# Four weeks for Fourth GB.



## Airframes (Jan 31, 2010)

Just reminding you all that there are 28 days left for the Heavy Hitters Group Build. This time around, it would be nice to avoid extensions, as it slows up the judging and announcement of the results. However IF anyone thinks they need an extra day or two (not a week or two), then contact me or one of the other judges, and we'll see if it's possible.
Thanks for your participation and enthusiasm, and remember, the 'D-Day Stripes' GB starts today (well, in this half of the World anyway) !!
Cheers,
Terry.


----------



## vikingBerserker (Jan 31, 2010)

Thanks Terry for the reminder.


----------



## lesofprimus (Jan 31, 2010)

In the process of getting the new Section made up for the Build....

Gonna need loads of info on Gabreski's Thunderbolt.......


----------



## Heinz (Jan 31, 2010)

It don't half come round fast!


----------



## Crimea_River (Jan 31, 2010)

Tick-tock guys!


----------



## rochie (Feb 1, 2010)

glad i've got two weeks off from next week or i dont think i'd get finished


----------



## ozhawk40 (Feb 1, 2010)

I hear you......turbo mode engaged!


----------



## lesofprimus (Feb 1, 2010)

Waiting on a new compressor comin in the mail.... 

Could have done without the delay, but my old, dead and fried compressor felt otherwise....

Grrrrrrrrrrrrrrrrrrrrrrrr....


----------



## Bucksnort101 (Feb 1, 2010)

Time flies when your having fun, or in my case too busy and sometimes just too lazy to work on models.
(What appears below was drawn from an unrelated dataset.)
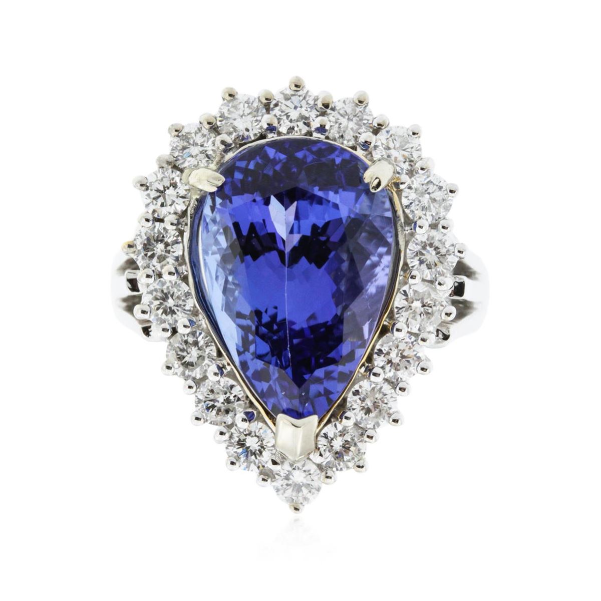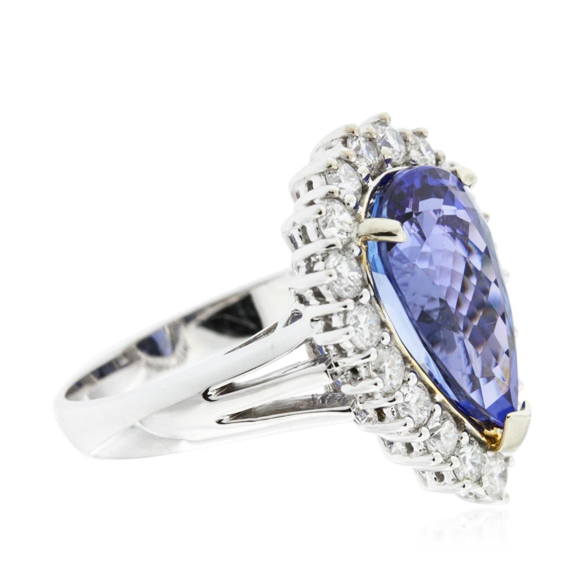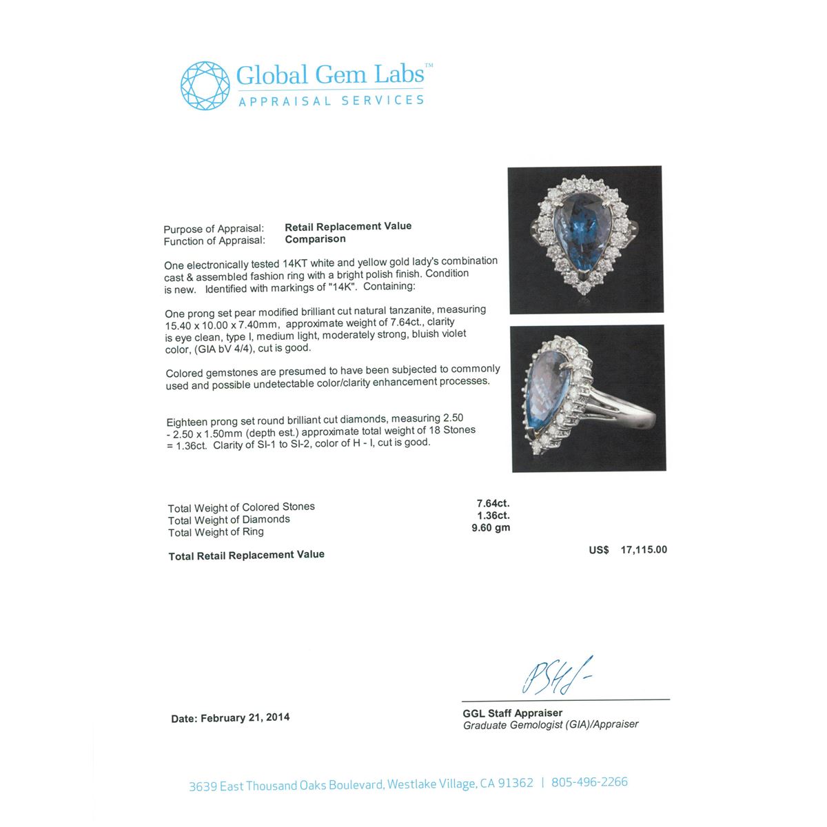 One electronically tested 14KT white and yellow gold lady's combination cast and assembled fashion ring with a bright polish finish. Condition is new. Identified with markings of "14K". Containing: One prong set pear modified brilliant cut natural tanzanite, measuring 15.40 x 10.00 x 7.40mm, approximate weight of 7.64ct., clarity is eye clean, type I, medium light, moderately strong, bluish violet color, (GIA bV 4/4), cut is good. Colored gemstones are presumed to have been subjected to commonly used and possible undetectable color/clarity enhancement processes. Eighteen prong set round brilliant cut diamonds, measuring 2.50 - 2.50 x 1.50mm (depth est.) approximate. Total Weight of 18 Stones = 1.36ct. Clarity: SI-1 to SI-2. Color: H - I, Cut is Good. Total Weight of Colored Stones 7.64ct. Total Weight of Diamonds 1.36ct. Total Weight of Ring 9.60 grams. GGL Appraised at $17,115.00.

I won't winning any awards with my build, but at least it's a start.
4 weeks to go and I just finished my cockpit tub, yikes, I better get a move on.

BTW here is a link to a 1/48 scale Gabreski P-47. I suspect you will be doing a 1/32 scale bird though.

http://www.scaleworkshop.com/workshop/p47dgabbyfw_1.htm


----------



## lesofprimus (Feb 1, 2010)

Thanks, appreciate the link....


----------



## Airframes (Feb 2, 2010)

I think I might have some stuff on some of 'Gabby's' various P47's Dan. What is it you need mate?


----------



## lesofprimus (Feb 2, 2010)

Everything and everything u got T.....

I have zip... I was plannin on doin some searchin and rootin, but I have no ref material on hand for the P-47, let alone Gabreski's...

Im real interested to see if theres a pic of his plane as it was on Invasion Day.... Not even sure yet how many kills he had on June 6th...


----------



## B-17engineer (Feb 2, 2010)

This? Cause he had another camo I think.


----------



## Bucksnort101 (Feb 2, 2010)

Have not seen a ton of Pictures of Gabreski's Thunderbolt. The one Harrison just posted is the most seen, not sure if I've really seen too many others? One variation of the Invasion Stripes I've seen other modellers make is having black borders around the white stripes. Not sure how accurates this is as I don't recall seeing an actual picture with these markings.

I'll did through my Thunderbolt books tonight and scan anything I find. Will post whatever I come up with tomorrow.


----------



## Bucksnort101 (Feb 2, 2010)

Link to a painting of the T-Bolt Gabreskiy was flying in July5, 1944 when he scored his 28th Victory. And a couple more pictures of Gabby next ot his P-47's.

Seems to me there is one more picture out the that show his P-47 with three additional kill marking on it for a total of 31. This reflect his ground kills as well as arial victories. 

Top scoring ETO ace Col. Francis Gabreski also Korean War ace


----------



## Bucksnort101 (Feb 2, 2010)

Oh yea, it was on the Dustcover of his book


----------



## kgambit (Feb 2, 2010)

This link might help (scroll down a ways in the article to find a discussion of Grabeski's plane) and a couple of shots of other models.

http://www.internetmodeler.com/1999/july/aviation/p47.htm

There are two decal sets I know of for Grabeski's plane: one is an aeromaster set and the other is techmod. It's only the techmod set (first photo) that has the black borders around the fuselage stripes; the aeromaster set does not have them (photos 2 and 3).


----------



## lesofprimus (Feb 2, 2010)

From what I can gather after some quick research, is that the upper surfaces of his crate had NO black in the Invasion Stripes, only on the undersurfaces....


----------



## dirkpitt289 (Feb 2, 2010)

28 days hardly seems like enough time. I still haven't closed up the fuselage yet. UGH!!!!


----------



## B-17engineer (Feb 2, 2010)

Interesting that P-47 on Page one has em


----------



## Airframes (Feb 2, 2010)

Leave it with me Dan, and I'll see what I can put together on his crate, and the P47 in general, and send you a CD. Easier that way!


----------